Mitochondrial DNA Replication

Mitochondria are the energy producing organelle in the cell, and the only organelle in animal cells besides the nucleus that contains its own chromosome. Given the bacterial ancestry of mitochondria, one might expect that the essential elements of genome maintenance would resemble those of bacteria. However, this is not the case for the DNA polymerase or the replicative helicase, which appear to have a shared ancestry with proteins of T-odd bacteriophages.

Our laboratory is working to characterize the role of the helicase in the mitochondrial replisome using both mammalian and Arabidopsis thaliana systems.& Helicases are molecular machines that use the energy from nucleotide hydrolysis to unwind double-stranded DNA. The replicative helicase found in both bacteriophage and mitochondria is a bifunctional protein containing both a helicase domain and a primase domain. Primases synthesize short ribooligonucleotide primers to facilitate the binding of DNA polymerase. We are keenly interested in the role of the primase region in mitochondrial DNA replication -- something that has yet to be understood.

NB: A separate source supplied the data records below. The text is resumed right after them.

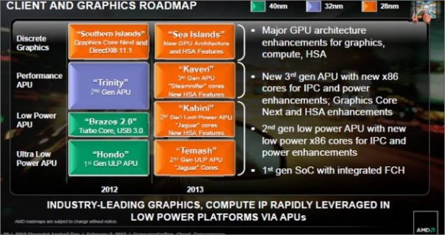 Bist du dir sicher, dass AMD für Richland gesagt hat der kommt in 28nm und das sdiese Gerüchte nicht nur irgendwo entstanden sind, weil sich das irgendjemand gewünscht hat? Mir ist nur bekannt, dass Kaverie mit GNC, Steamroller und in 28nm in den Kampfring gehen soll. Wenn du da also ne Quelle für hättest, wäre das ganz nett. Mir sind nämlich nur folgende beiden Folien bekannt: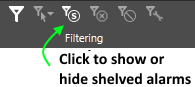 By default, shelved alarms are excluded from all lists except the one where they are the only type of alarm shown. Use the button shown here to include or exclude shelved alarms in your lists.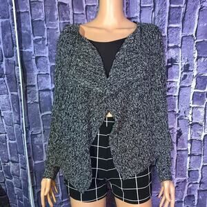 Velvet by Graham & Spencer cardigan sweater black silver cardigan loose SZ MD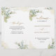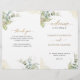Welcome your guest with this exquisite wedding ceremony program, featuring gorgeous watercolor Eucalyptus greenery details and delicate watercolor stains in a beautiful blend of green, blue, cream, beige and yellow tan hues. Use of hand written typography details in gold. Personalise the wording in all sides. NOTE: this programs arrive flat and require folding down the middle to assemble. The default value paper is recommended. For a clean fold we suggest the use of inexpensive bone folder. Part of our "Elegant Greenery Eucalyptus Wedding and Events" collection with a variety of coordinating products available.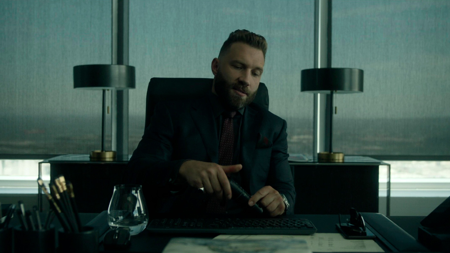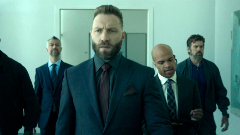 Также упомяну Джая Кортни, который здесь сыграл Стива Хорна, директора явно негодяйской компании Capstone Industries. Кортни раскачался почти до статей Дуэйна Джонсона, однако директор здесь у него получился очень колоритный и харизматичный, причем совсем не своими физическими кондициями. Мне даже показалось, что Кортни с грехом пополам научился более или менее что-то играть, а ведь раньше он такого впечатления не производил.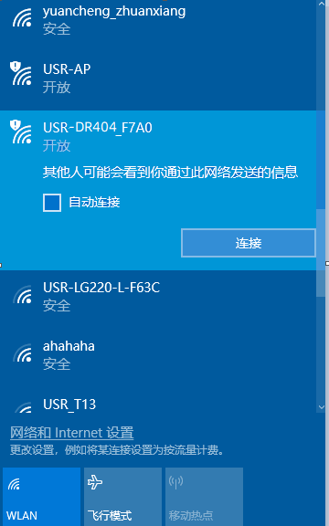 1、禁用其他網(wǎng)卡,保留無(wú)線(xiàn)網(wǎng)卡,電腦搜索第一個(gè)USR-DR404的WiFi名稱(chēng)USR-DR404_F7A0,并連接。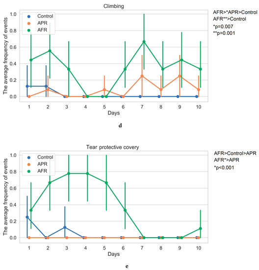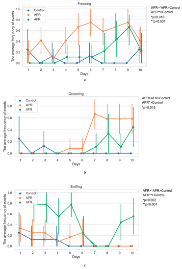 After 10 days of PSS induction, hetero-chronic changes were revealed in AFR rats, which manifested a rise in climbing (with peaks on days 1–3 and 6–7; Figure 1d) and sniffing acts (with peaks on days 1–5 and 9–10; Figure 1c) and episodes of tearing/aggressive behavior (day 1–6; Figure 1e) in comparison to APR rats. AFR rats displayed decreased frequency of freezing on days 2 and 5–6 in comparison to APR rats (Figure 1a), while the latter demonstrated higher numbers of grooming behavior acts on days 7 and 9 in comparison to AFR animals (Figure 1b). In AFR rats, an upward trend in the incidence of grooming was determined (the number of grooming acts at the final stages of the experiment exceeded the ones of the initial stages). Thus, in the dynamics of 10-day PSS, only the aggressiveness was characterized by the presence of traits in AFR rats, with complete absences in APR rats. Other characteristics were revealed in both phenotypes, although with different intensities. This is why we identified the dominant behavioral patterns in the two phenotypes of rats, evaluating the differences in the summarized numbers of behavioral acts during the 10 days of PSS exposure.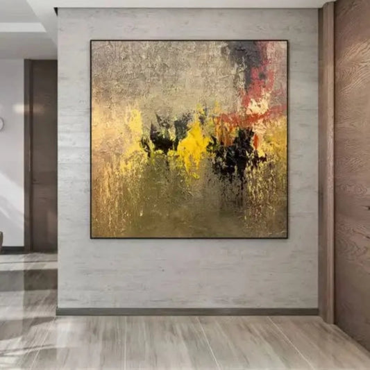 Golden Ember – Textured Yellow & Black Abstract Canvas

As the number of bacterial genomes that have been sequenced increases, more and more bacteria are found to contain stable prophages, phage genomes that have been integrated into the bacterial chromosome. Sometime before the symbiotic event that lead to cellular mitochondria, prophage replication genes replaced those replication genes encoded by the bacterial genome. Our lab also is investigating the possible steps of such a mechanistic swap as occurred in the evolution of mitochondria.

Bacteriophage Discovery

Our other project relies on two widely held beliefs about bacteriophage. First, phage population densities exceed bacterial densities by a ratio of 10-to-1 or more. Hence, bacteriophage represent a huge repository of genomic wealth consisting of gene products with unknown but potentially useful functions. Second, bacteriophages have evolved unique proteins that arrest critical cellular processes to commit bacterial host metabolism to phage reproduction.

Presently, we are searching for bacteriophage specific for the bacterium Strepococcus mutans, the leading cause of dental tooth decay worldwide.

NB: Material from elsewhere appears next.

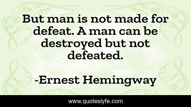 This page presents the quote "But man is not made for defeat. A man can be destroyed but not defeated.". Author of this quote is Ernest Hemingway. This quote is about man, defeated, defeat,.

Bacteriophage can be found in all reservoirs populated by bacterial hosts, such as soil or the intestines of animals. Our source of bacteriophage is the traps underneath the sinks of Clark University's dormitoris -- where large numbers of students brush their teeth and deposit S. mutans from their mouths to the sink drains. Specifically, we are actively looking for lytic or virulent phage that may contain gene products which inhibit the growth of S. mutans.


Courses that I am involved in include Biochemistry, Bioanalytical Cemistry, Protein Chemistry, and Forensics. I am also an active member of the American Society for Biochemistry and Molecular Biology and the Council for Undergraduate Research.

Besides my obvious interests in biochemistry and molecular biology, I am an avid reader of science fiction literature. Since my days as an undergraduate, I have been intrigued by the idea of science fiction as a bridge betweeen the "two cultures" of the sciences and humanities. I have quite a large collection of science fiction novels in my office which can be borrowed by students.

Stop by my office, chat about Sci-Fi, learn about science, and maybe even get involved in research.

Selected Publications

“Oligomeric States of the Bacteriophage T7 Helicase-Primase,” Donald J. Crampton, Melanie Ohi, Udi Qimron, Thomas Walz, and Charles C. Richardson (2006). Journal of Molecular Biology 360, 667-677.

“DNA-induced Switch from Independent to Sequential dTTP Hydrolysis in the Bacteriophage T7 Helicase,” Donald J. Crampton, Sourav Mukherjee, and Charles C. Richardson (2006). Molecular Cell 21, 165-174.

“The Arginine Finger of Bacteriophage T7 Gene 4 Helicase: Role in Energy Coupling,” Donald J. Crampton, Shenyuan Guo, Donald E. Johnson, and Charles C. Richardson (2003). Proceedings of the National Academy of Sciences (USA) 101, 4373-4378.

“Single-molecule kinetics of lambda exonuclease reveal base dependence and dynamic disorder,” Antoine van Oijen, Paul C. Blainey, Donald J. Crampton, Charles C. Richardson, Tom Ellenberger, and X. Sunney Xie (2003). Science 301, 1235-1238.